* [Required work]: In the answer, each line from the top of the material through the line that contains "На площади Астана" is restated exactly. No picture is given again.

* [Material provided]:
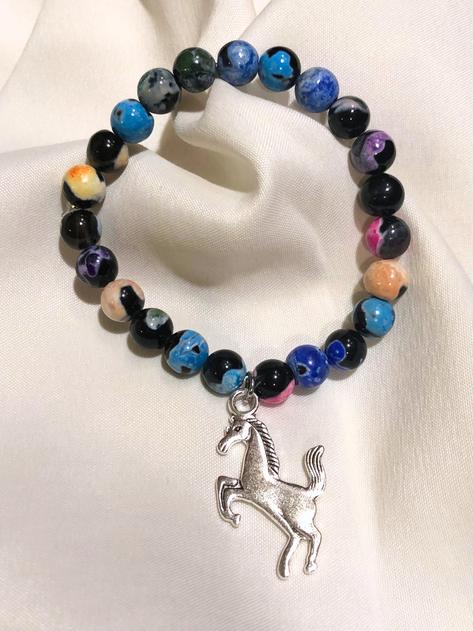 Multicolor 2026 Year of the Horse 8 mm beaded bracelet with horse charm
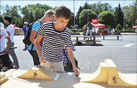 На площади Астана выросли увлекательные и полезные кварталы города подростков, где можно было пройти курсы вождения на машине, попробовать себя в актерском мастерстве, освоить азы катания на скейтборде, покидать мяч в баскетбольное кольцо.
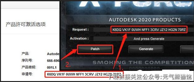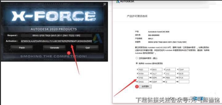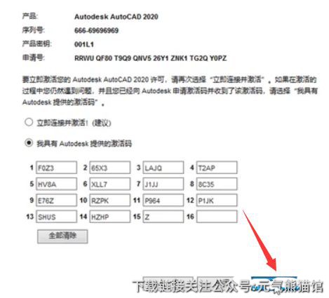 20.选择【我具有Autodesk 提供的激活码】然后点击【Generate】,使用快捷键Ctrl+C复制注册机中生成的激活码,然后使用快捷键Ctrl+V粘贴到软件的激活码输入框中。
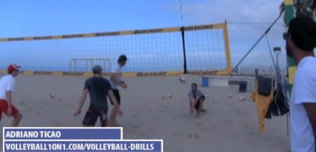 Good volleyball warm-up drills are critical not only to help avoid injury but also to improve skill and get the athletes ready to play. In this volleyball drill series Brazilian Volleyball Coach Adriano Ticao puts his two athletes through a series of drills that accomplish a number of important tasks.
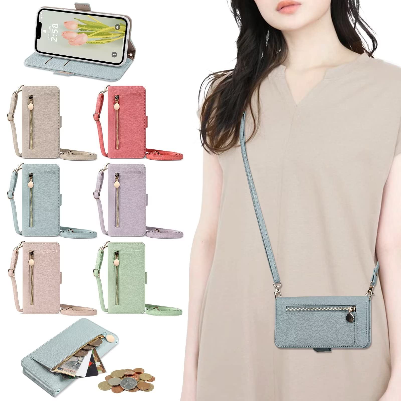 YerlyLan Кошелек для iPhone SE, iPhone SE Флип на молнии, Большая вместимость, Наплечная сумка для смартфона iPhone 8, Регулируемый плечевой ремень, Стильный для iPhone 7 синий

* [Result]:
 Multicolor 2026 Year of the Horse 8 mm beaded bracelet with horse charm
 На площади Астана выросли увлекательные и полезные кварталы города подростков, где можно было пройти курсы вождения на машине, попробовать себя в актерском мастерстве, освоить азы катания на скейтборде, покидать мяч в баскетбольное кольцо.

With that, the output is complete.